# WHAT THE EXERCISE ASKS
The material below holds the lines to copy: from the one with "Neon Bodypainting |" up to and including the one with "면 서커 베개 패드 그레이 43x63cm 용/4548076196143". Copy them exactly and skip the pictures.

# SOURCE DATA
****************************************

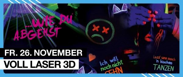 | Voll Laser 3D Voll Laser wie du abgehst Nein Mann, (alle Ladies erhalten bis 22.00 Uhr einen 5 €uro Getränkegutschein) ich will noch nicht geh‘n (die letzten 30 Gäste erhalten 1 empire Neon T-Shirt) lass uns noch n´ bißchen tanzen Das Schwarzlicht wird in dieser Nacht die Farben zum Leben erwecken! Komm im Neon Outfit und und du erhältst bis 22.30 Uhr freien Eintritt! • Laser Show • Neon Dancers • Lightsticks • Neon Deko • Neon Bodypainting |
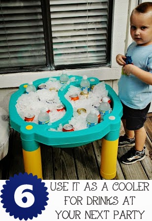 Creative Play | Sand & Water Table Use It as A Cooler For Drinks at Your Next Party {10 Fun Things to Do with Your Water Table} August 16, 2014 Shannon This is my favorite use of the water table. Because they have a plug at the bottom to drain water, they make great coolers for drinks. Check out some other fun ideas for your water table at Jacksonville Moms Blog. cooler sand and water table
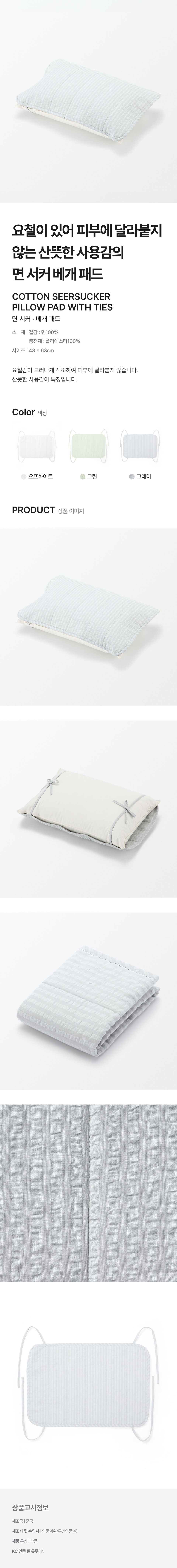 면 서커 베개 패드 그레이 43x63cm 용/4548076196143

****************************************

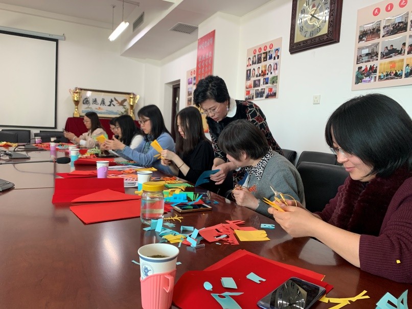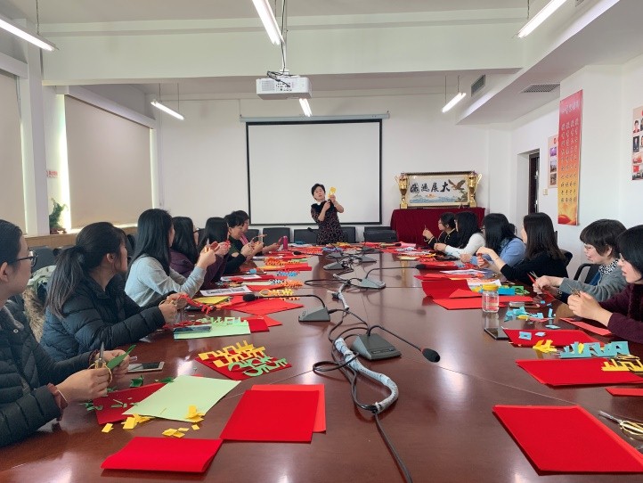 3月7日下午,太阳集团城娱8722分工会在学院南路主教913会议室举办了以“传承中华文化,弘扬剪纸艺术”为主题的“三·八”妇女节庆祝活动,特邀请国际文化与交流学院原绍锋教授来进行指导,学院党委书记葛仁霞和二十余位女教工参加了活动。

****************************************

# SOLUTION FOR THIS EXERCISE
 | Voll Laser 3D Voll Laser wie du abgehst Nein Mann, (alle Ladies erhalten bis 22.00 Uhr einen 5 €uro Getränkegutschein) ich will noch nicht geh‘n (die letzten 30 Gäste erhalten 1 empire Neon T-Shirt) lass uns noch n´ bißchen tanzen Das Schwarzlicht wird in dieser Nacht die Farben zum Leben erwecken! Komm im Neon Outfit und und du erhältst bis 22.30 Uhr freien Eintritt! • Laser Show • Neon Dancers • Lightsticks • Neon Deko • Neon Bodypainting |
 Creative Play | Sand & Water Table Use It as A Cooler For Drinks at Your Next Party {10 Fun Things to Do with Your Water Table} August 16, 2014 Shannon This is my favorite use of the water table. Because they have a plug at the bottom to drain water, they make great coolers for drinks. Check out some other fun ideas for your water table at Jacksonville Moms Blog. cooler sand and water table
 면 서커 베개 패드 그레이 43x63cm 용/4548076196143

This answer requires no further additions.